At the end of the day, most of these frailties come from bad practices such as:
- depending on race conditions: here’s a classic example — you are testing a component with asynchronous behavior. An ever-recurring idea is “I know, let’s put a timer and wait for the action to process!”. The problem is, you will either need to specify a large timer (or bunches of them, in case you are testing a bunch of operations), which will slow the execution, or fine-tune it, which will open the risk of failures in some environments (“Hey, it works on my computer, so why does it fail on the build server?”). The solution to that is the implementation of any variation of an observer pattern: wait for the real async outcome to happen before moving forward.
- lots of shared state: happens both on socialized and isolated tests. On isolated cases, reliance on shared global values (static values or state hidden behind annotations in the Java world, for example) tends to complicate mocking. On socialized tests, reliance on shared, persisted data (a test checks the read of a specific record/document, another one updates it) leads to these situations. The solution is to either reset global state during test setup and/or to guarantee no mutable state is shared.
- reliance on weak assumptions: these are frequently one of the cases above, but also happen often with over reliance on external dependencies. Your tests may assume, for example, another service is always up and will always contain a fixed set of data your are based on. The solution to these cases is the creation of fake services for test execution.
“Wait, solid is good, right? There’s even an acronym that we’ve learned as a must-have!”. Well, SOLID principles are great, but if a test literally never, ever breaks, then a question is begging to be asked — what value does it provide?
The major downside of a stagnant test is that it is a performance detractor: each second you add to test execution is an age in today’s development sense of time and an encouragement to reduce its frequency.

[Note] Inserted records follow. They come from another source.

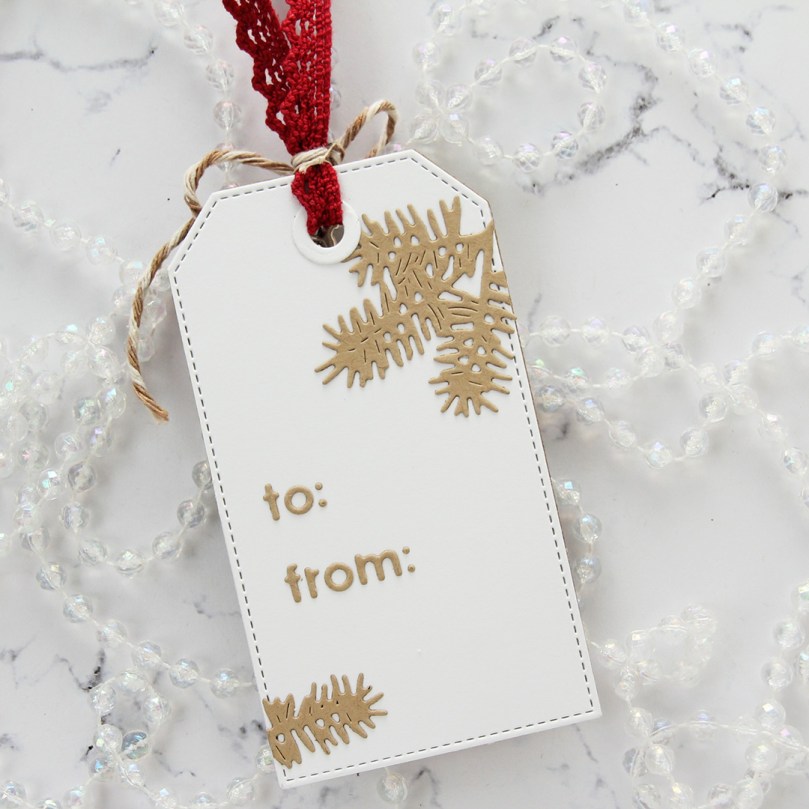 I die cut the same tag from white cardstock to use on the back. I added a couple of kraft colored branches that I die cut with the Pine Branches die set from Craft Emotions, as well as a to/from from the Tag Builder Blueprints 6 die set from My Favorite Things.
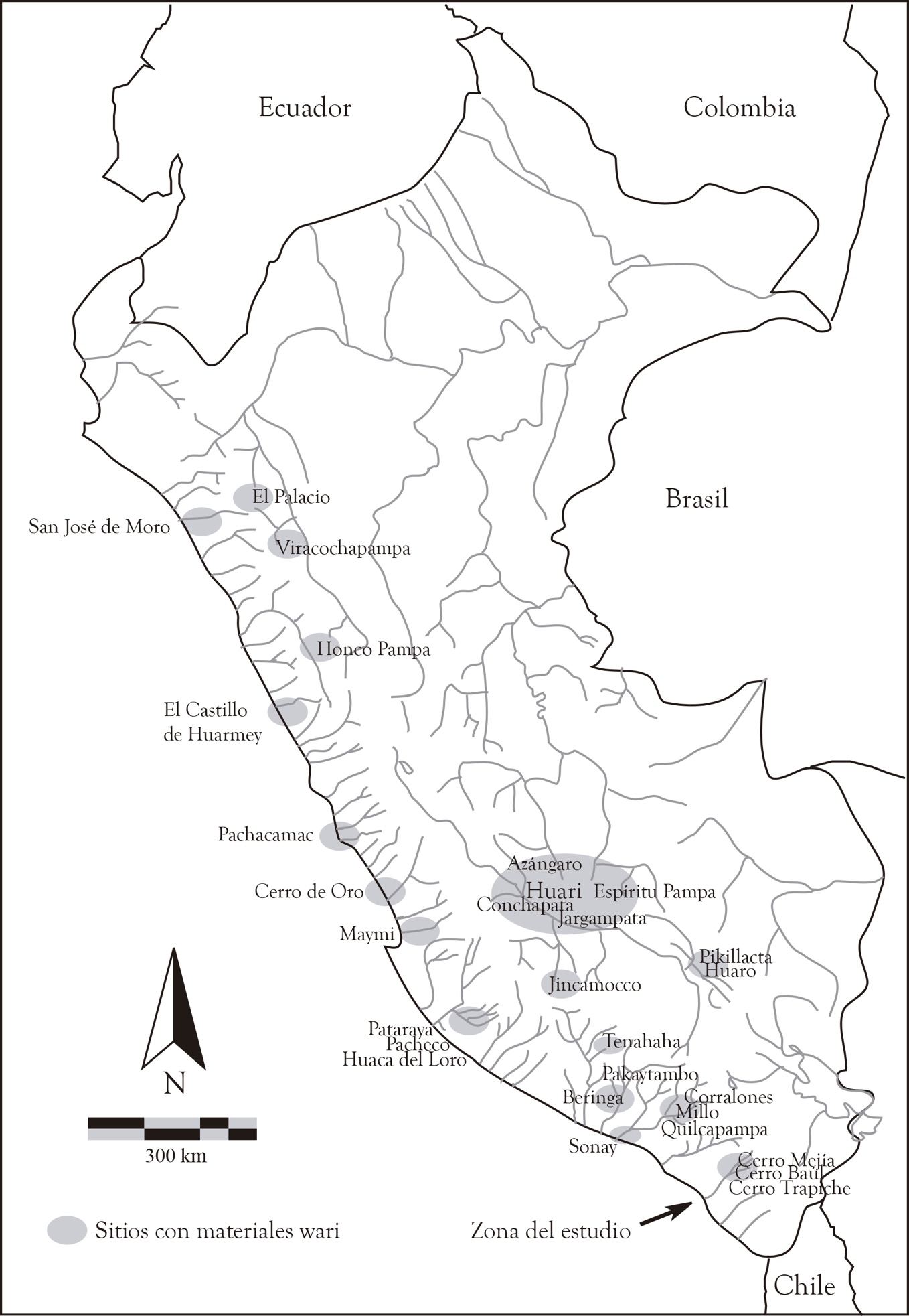 El estado wari se expandió para subyugar a las personas de diferentes regiones a lo largo de los Andes centrales alrededor del 600 d. C. (fig. 1). Los agentes del estado habrían estado familiarizados con varios de estos grupos, o por lo menos con su élite, a través de relaciones comerciales, experiencias conjuntas de peregrinaciones, escaramuzas u otros tipos de interacción. Los restos materiales dan testimonio de la rica diversidad cultural antes y durante todo el Horizonte medio. Esta diversidad desafía la capacidad de los arqueólogos para reconocer si Wari controló una región, a su gente y cuándo. En todo imperio, los funcionarios se esfuerzan por idear instituciones que explotan conceptos ampliamente compartidos para legitimar su control sobre determinados grupos. Esto no elimina la diversidad cultural. Los estados y los imperios no controlan todos los aspectos de la vida diaria, ni necesitan hacerlo. La mayoría de los imperios no pueden usar solo una estrategia para controlar a todas las provincias. La falta de un único enfoque imperial y de solo un conjunto de marcadores materiales ha llevado a algunos estudiosos de los Andes a dar explicaciones alternativas al fenómeno wari; sin embargo, estos otros escenarios no están respaldados por evidencia arqueológica, sino caracterizados por una discontinuidad entre expectativas y observaciones.
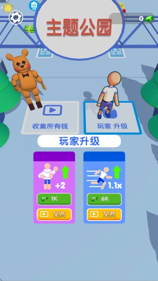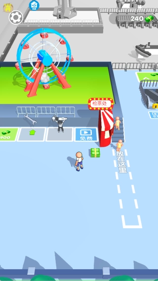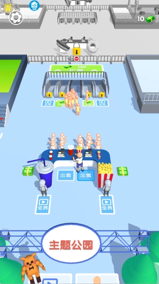 1、点击并拖动游客,将他们移动到设施入口排队游玩以获得收入。
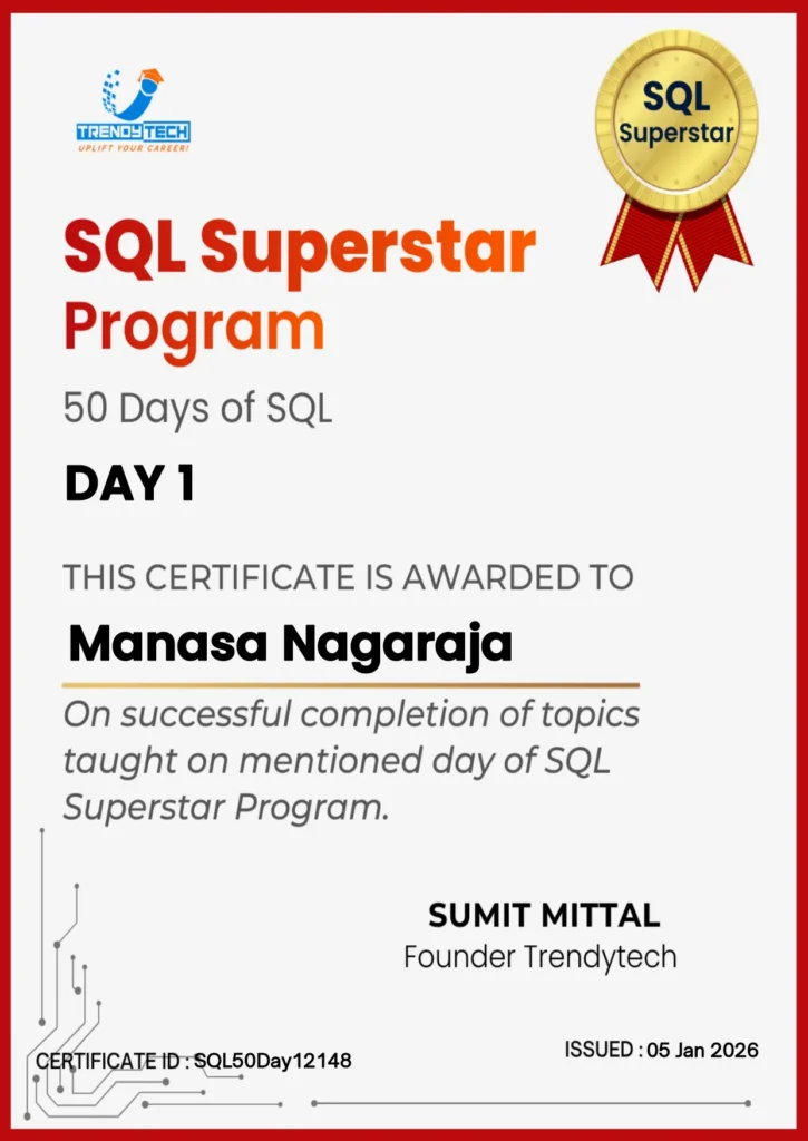 I'm good in big data stuff but in interviews many times I use to fail in SQL questions. Thanks Sumit sir for this SQL course, it is really helping me a lot.

Solid tests may be born this way: if they are exercising code without really validating its quality, they may be just checking availability, instead of full functionality. Increasing your asserts makes these cases more relevant and dynamic.
A more justifiable case is when a test freezes over time. This is usually an indication that their target (AKA subject under test — SUT) has matured into a stable (perhaps even stagnant) state. In such cases, a good approach it to perform an architectural refactoring, moving the SUT into a separate component/microservice.
This is the ideal, middle ground solution: eventual test breakage being an indicator that things are evolving and that yeah, eventually we screw up.
How do I detect these cases?
A pretty good question by now would be “hey, my team does a great job at not breaking the build — in this case, all of our tests would be considered solid”. Fair statement, but the point is: this is not something you should assess on a build server, but on local dev boxes.
This will probably require some level of manual analysis (unfortunately a common need these days), but with the advent of tools such as industrial logic’s TDD dashboard, one can hope to see a new generation of development metrics tools coming to our aid.